## Data for review
>>>

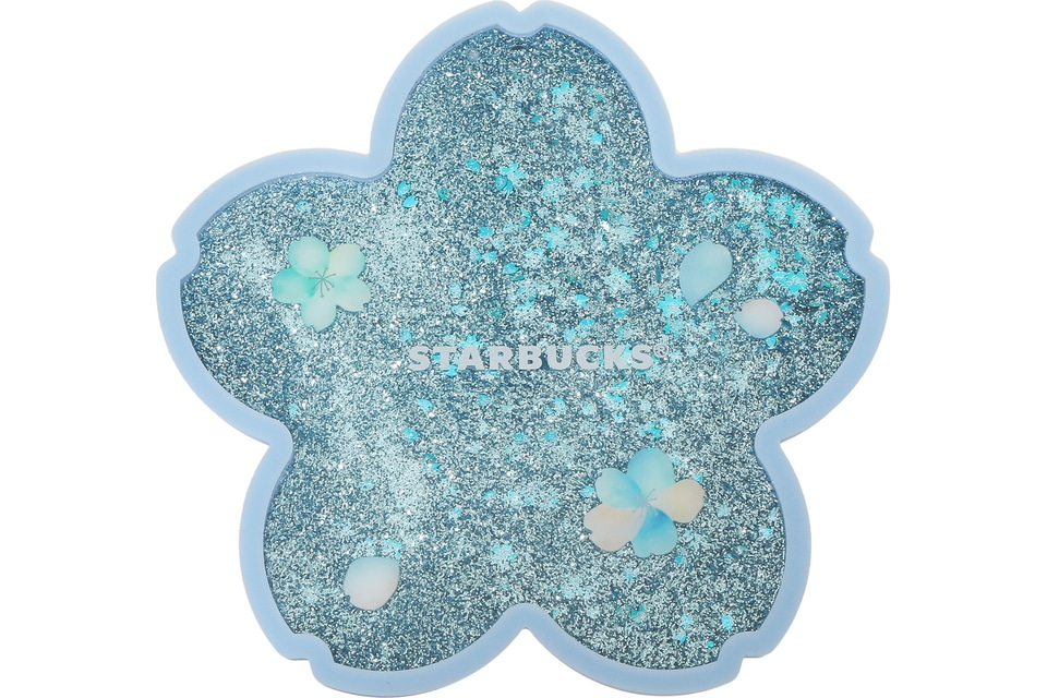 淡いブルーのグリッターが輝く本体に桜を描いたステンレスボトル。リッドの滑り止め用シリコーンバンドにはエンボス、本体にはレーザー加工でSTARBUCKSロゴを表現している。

<<<
>>>

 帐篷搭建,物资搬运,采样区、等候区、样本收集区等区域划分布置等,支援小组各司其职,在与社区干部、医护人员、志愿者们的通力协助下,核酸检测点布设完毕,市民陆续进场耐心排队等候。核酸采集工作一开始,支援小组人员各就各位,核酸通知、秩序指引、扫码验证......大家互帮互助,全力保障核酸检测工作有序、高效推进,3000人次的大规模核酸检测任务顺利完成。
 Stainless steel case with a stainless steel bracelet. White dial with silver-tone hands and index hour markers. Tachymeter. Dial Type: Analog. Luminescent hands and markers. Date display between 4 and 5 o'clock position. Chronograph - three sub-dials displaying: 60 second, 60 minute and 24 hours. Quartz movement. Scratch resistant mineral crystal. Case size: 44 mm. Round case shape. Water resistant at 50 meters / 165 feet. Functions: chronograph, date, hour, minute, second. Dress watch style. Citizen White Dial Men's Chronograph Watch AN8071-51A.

<<<

## Brief
Go through the listing above and write out exactly the lines starting with the one holding "帐篷搭建,物资搬运,采样区、" and running through the one holding "Stainless steel case", ends included, and no others.

## Solution for this problem
 帐篷搭建,物资搬运,采样区、等候区、样本收集区等区域划分布置等,支援小组各司其职,在与社区干部、医护人员、志愿者们的通力协助下,核酸检测点布设完毕,市民陆续进场耐心排队等候。核酸采集工作一开始,支援小组人员各就各位,核酸通知、秩序指引、扫码验证......大家互帮互助,全力保障核酸检测工作有序、高效推进,3000人次的大规模核酸检测任务顺利完成。
 Stainless steel case with a stainless steel bracelet. White dial with silver-tone hands and index hour markers. Tachymeter. Dial Type: Analog. Luminescent hands and markers. Date display between 4 and 5 o'clock position. Chronograph - three sub-dials displaying: 60 second, 60 minute and 24 hours. Quartz movement. Scratch resistant mineral crystal. Case size: 44 mm. Round case shape. Water resistant at 50 meters / 165 feet. Functions: chronograph, date, hour, minute, second. Dress watch style. Citizen White Dial Men's Chronograph Watch AN8071-51A.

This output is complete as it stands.